FBI Ten Most Wanted Fugitive
- Charges: Murder; Unlawful Flight to Avoid Prosecution;
- Alias: Joseph M. L. Gardner; Joe Gardner;

Description
- Born: Joseph Martin Luther Gardner January 15, 1970 Detroit, Michigan, U.S.
- Died: December 5, 2008 (aged 38) Broad River Correctional Institution, Columbia, South Carolina, U.S.
- Cause of death: Execution by lethal injection
- Gender: Male
- Height: 5 ft 8 in (1.73 m)
- Occupation: Criminal; FBI Ten Most Wanted fugitive

Status
- Convictions: Murder Kidnapping
- Penalty: Death
- Added: May 25, 1994
- Executed: December 5, 2008 (aged 38)
- Number: 437
- Executed

= Joseph Gardner (murderer) =

American former fugitive executed in South Carolina (1970–2008)

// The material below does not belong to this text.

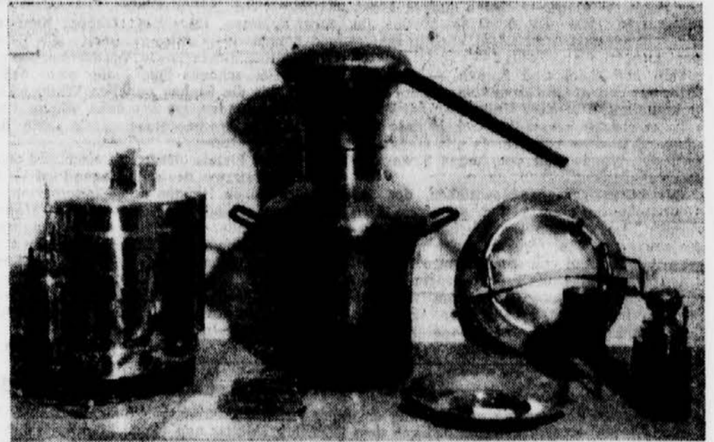
Kupferschmiede zeigen, was sie können

schers Menschen. Hier kommen Schaffensfreude und schöpferische Kraft zum Ausdruck, wie sie nur deutschen Menschen zu eigen sind. Das ist ein Beweis mehr, daß Sprache und andere Außerlichkeiten nur Tüchle sind, während sich der Deutsche in seiner schöpferischen Tätigkeit, die nur blutbedingt ist, nicht verleugnen kann. H. E.

Joseph Martin Luther Gardner (January 15, 1970 – December 5, 2008) was an American fugitive and convicted criminal who was executed in South Carolina for murder. Gardner was one of several men who kidnapped and raped 25-year-old Melissa McLauchlin on December 30, 1992. McLauchlin was then shot five times by Gardner before her body was dumped on the side of a road. After the murder, Gardner fled the state and remained a fugitive for nearly two years. He was added to the FBI Ten Most Wanted Fugitives list on May 25, 1994, and captured in Philadelphia, Pennsylvania, on October 19, 1994.

==Murder==
On December 30, 1992, an intoxicated 25-year-old Melissa McLauchlin locked herself out of her house in North Charleston, South Carolina. As she crossed the street towards a grocery store, she was picked up by Gardner and two other men; Matthew Carl Mack and Matthew Paul Williams. The three men kidnapped McLauchlin and took her back to a mobile home where she was raped repeatedly and assaulted. McLauchlin was then bound with a blindfold, handcuffed, and placed on the floor inside a car.

As the men drove along a highway, McLauchlin broke free from the handcuffs and tried to escape. Gardner then pushed her head back and shot her twice in the face. He then dumped her body along a highway in Dorchester County where he shot her another three times, killing her.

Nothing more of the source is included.